Writer's picture: Ashok K PandeyAshok K Pandey

By Ashok Pandey and Amit Kumar


Sir Ken Robinson (1950-2020), in his famous Ted talk “Do Schools Kill Creativity?” shook the conscience of educators worldwide. “Explorer’s Academy,” he answered to school children, who wanted to know what he would like to call his dream school. As NEP 2020 takes-off, amid high expectations, we need to future proof education.


Everything revolves around teaching and learning. Pedagogy must evolve to make education more experiential, holistic, inquiry-driven, discussion-based, flexible and enjoyable. Linking curriculum with industry and real-life will engage the learners. The pedagogy must also shun predictable pattern. The stimulus-response-learning model should give way to meeting challenges, experiencing the excitement and owning of knowledge.

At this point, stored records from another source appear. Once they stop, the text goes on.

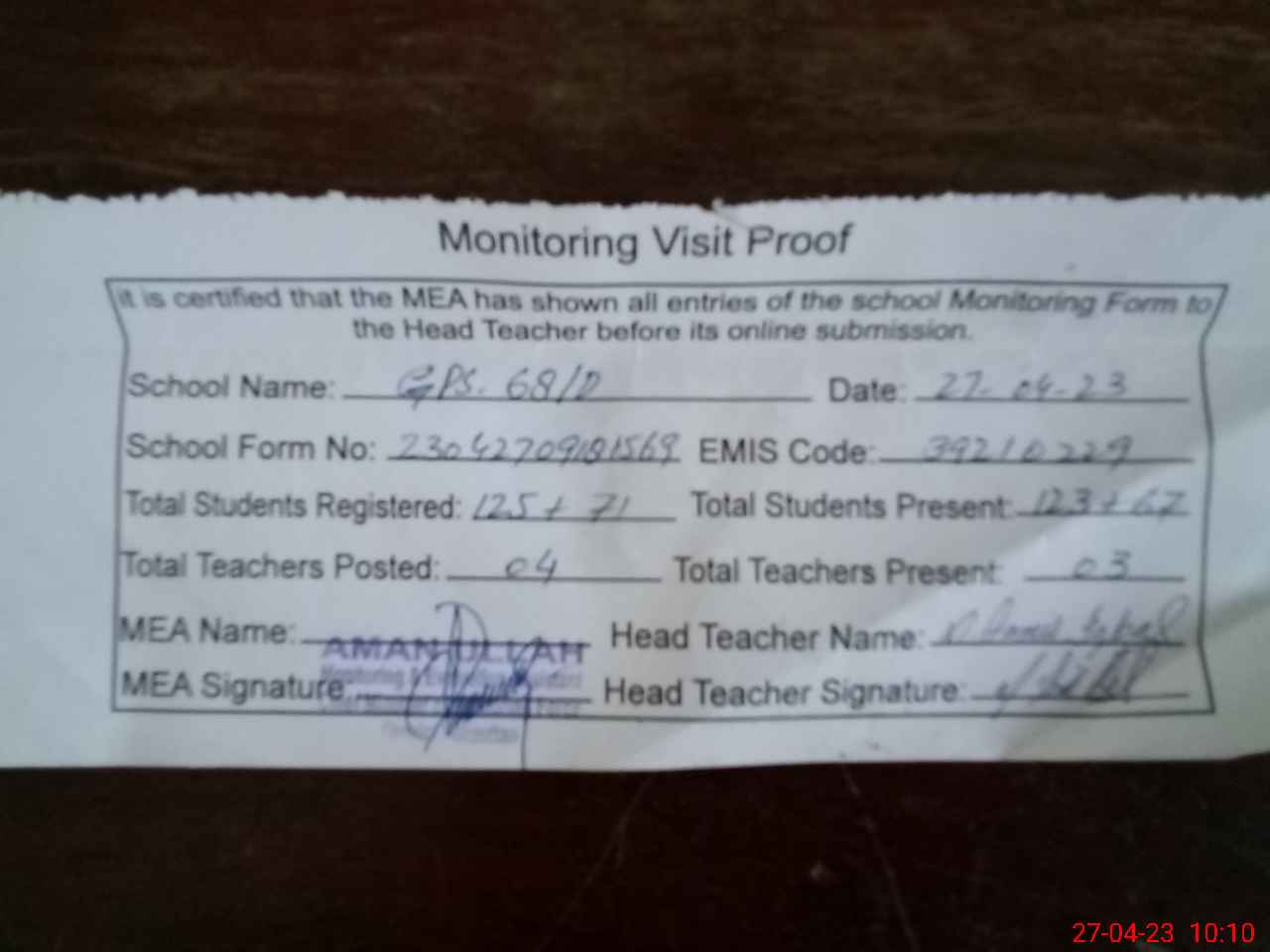 | Attendance Register | Head Teacher | MEA with School | Visit Proof |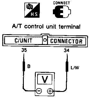 Throttle position can be checked by voltage across terminals (34) and (35) of A/T control unit.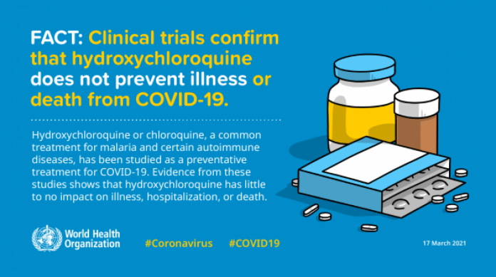 A OMS interrompeu os ensaios clínicos com hidroxicloroquina como tratamento para covid-19 após o Solidariedade, um estudo do grupo colaborativo Recovery, do Reino Unido, e uma revisão da Cochrane evidenciarem que a hidroxicloroquina não reduziu as mortes entre pacientes com covid-19 hospitalizados.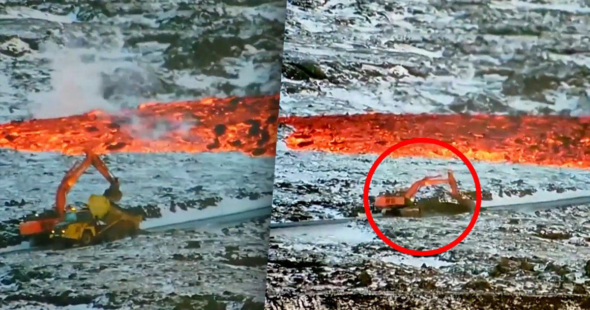 One video making the rounds on Reddit shows a worker inside a backhoe desperately spreading what appears to be a mound of dirt, to (presumably?) stop the quickly-approaching lava from destroying the rest of the country road — but likely, to no avail, considering the sheer amount of incoming lava.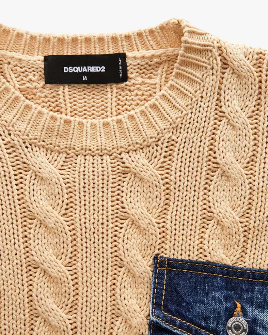 Pullover für Herren von Dsquared2 in Camel, Blau und Schwarz. Dieses Modellbesticht dank des Zopfmusters sowie der aufgesetzten Denim-Tasche im Vorderteilals modischer Streetstyle-Begleiter.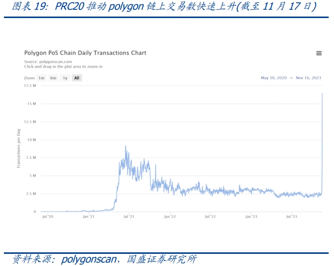具备独特「聪」特质的比特币网络催生了BRC-20代币标准,某种意义上是比特币网络「勉为其难」不得已为之,但以太坊EVM系统生态亦不甘于落后于每一次创新,11月14日至11月15日期间,以太坊EVM生态重要的区块链——Polygon的链上交易数量从289万笔飙升至 617万笔,此后持续走高,甚至创历史新高,推动网络交易费用快速上升。

Health and well-being is important. The Lancet report on Child and Adolescent Health, 2019 concludes that addressing the challenge of malnutrition and overweight is essential to ensure optimal cognitive growth, overall health and productivity. In India, successive Governments have launched many schemes to improve food and nutrition for children. However, there is a need to integrate physical well-being, nutrition efficiency, and emotional health linking with quality education. NEP 2020 acknowledges that undernourished and unwell children cannot learn optimally and proposes that well trained social workers, counsellors, and community will support the schooling system.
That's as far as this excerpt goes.